» Input data:
+++
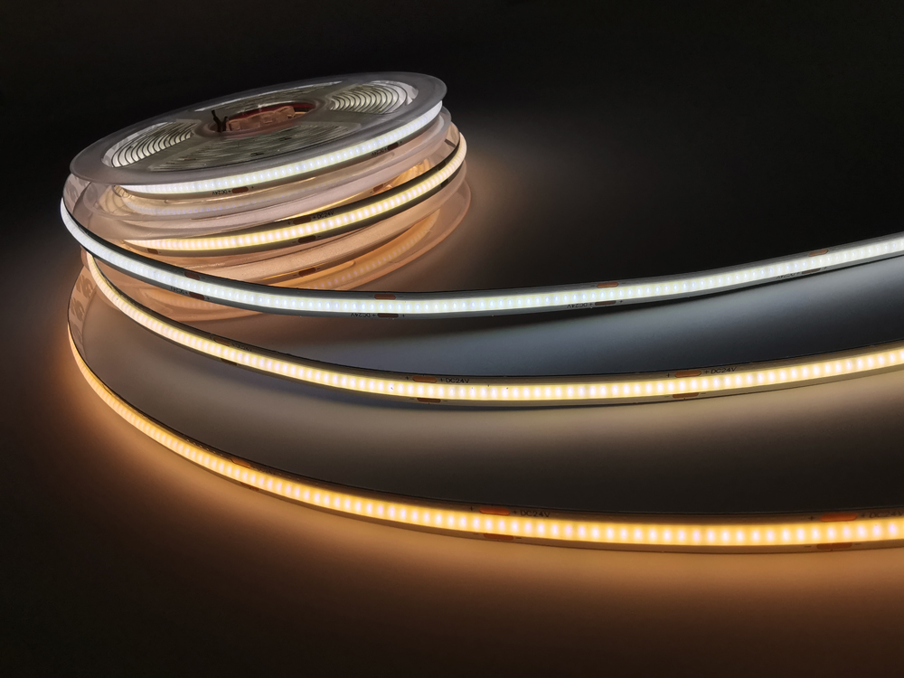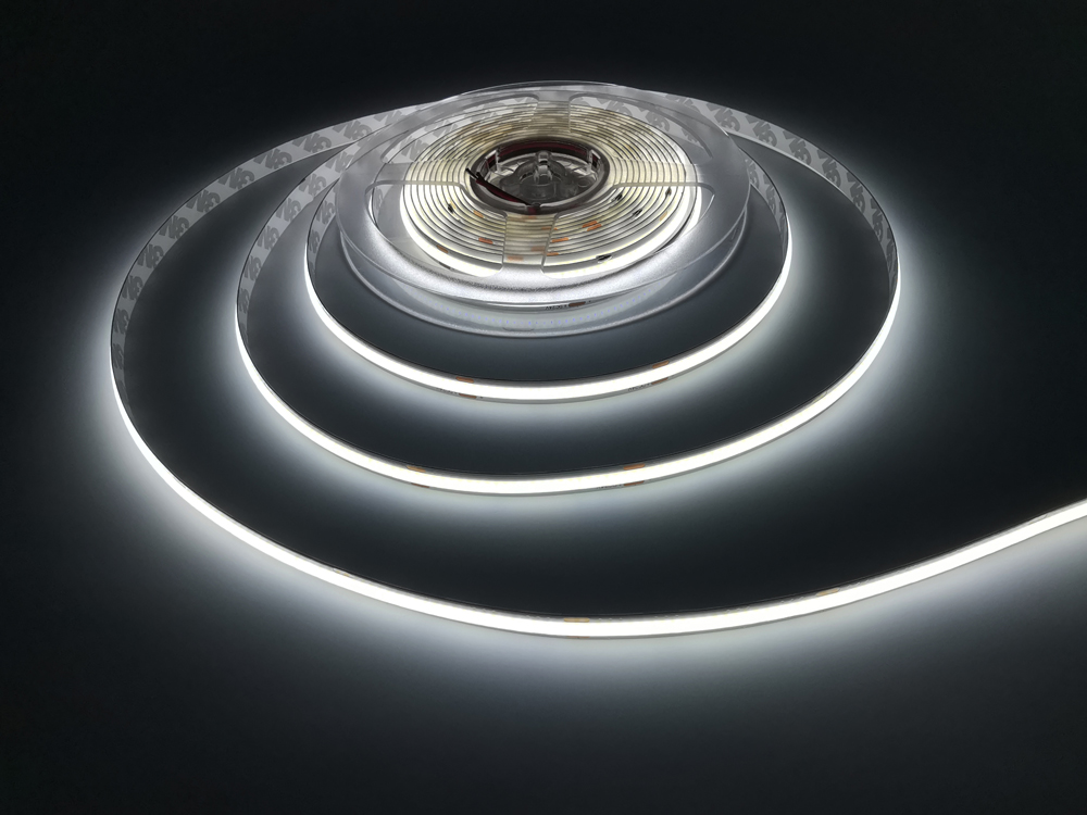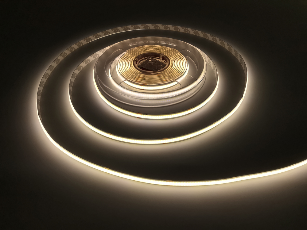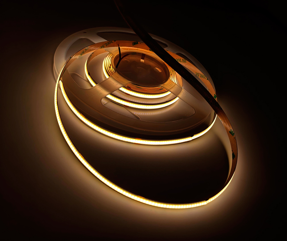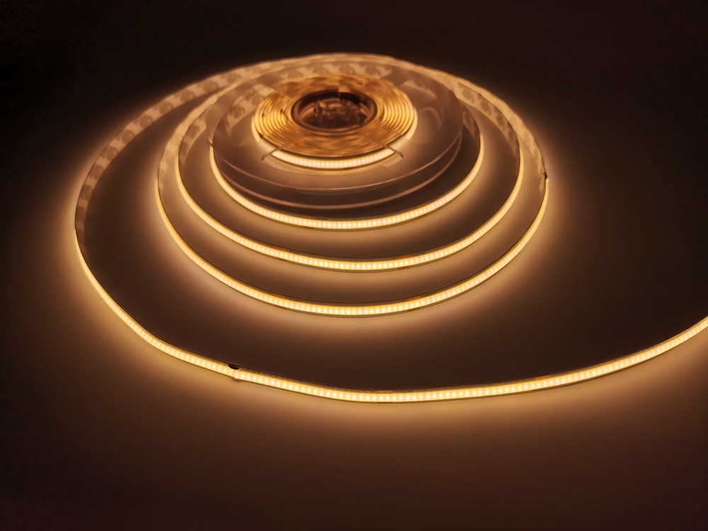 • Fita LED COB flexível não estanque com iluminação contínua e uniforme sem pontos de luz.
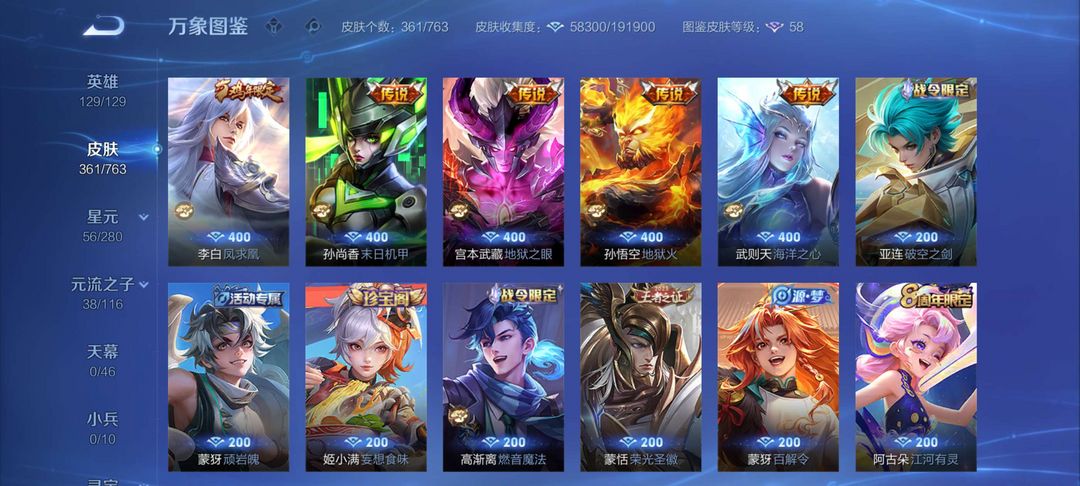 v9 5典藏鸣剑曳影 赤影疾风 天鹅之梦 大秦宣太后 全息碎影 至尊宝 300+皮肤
+++
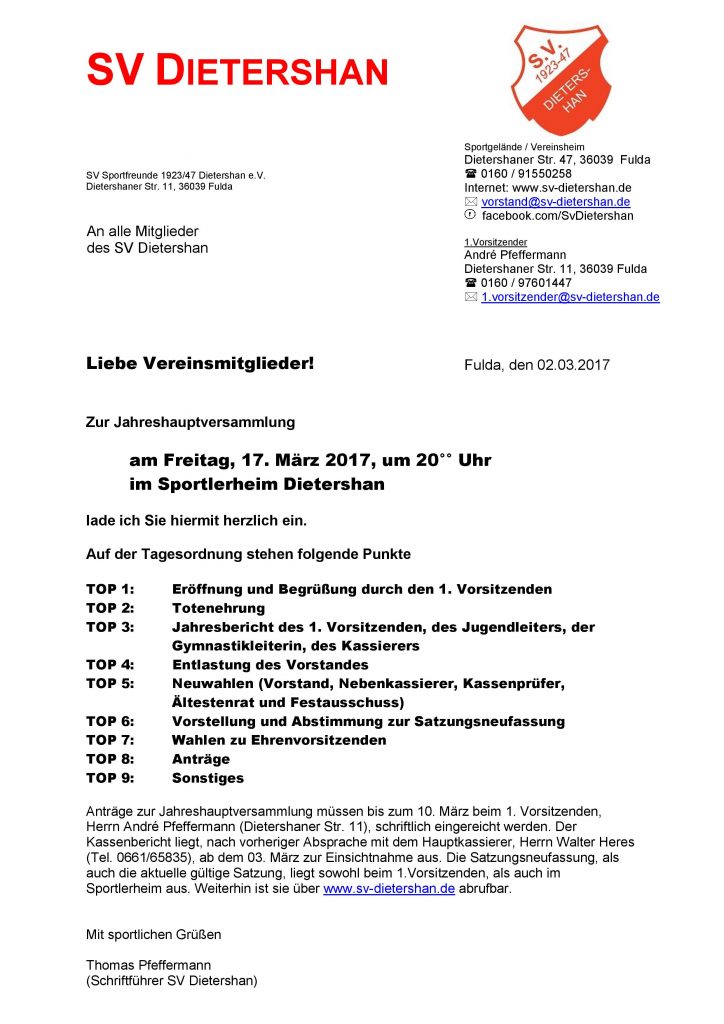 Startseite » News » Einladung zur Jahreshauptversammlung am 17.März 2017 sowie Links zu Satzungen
+++
» Prompt: Set down again, word for word, every line from the one with "pontos de luz." to the one with "v9 5典藏鸣剑曳影 赤影疾风 天鹅之梦 大秦宣太后 全息碎影 至尊宝 300+皮肤" in the entries above, and omit the pictures.

» Written response:
 • Fita LED COB flexível não estanque com iluminação contínua e uniforme sem pontos de luz.
 v9 5典藏鸣剑曳影 赤影疾风 天鹅之梦 大秦宣太后 全息碎影 至尊宝 300+皮肤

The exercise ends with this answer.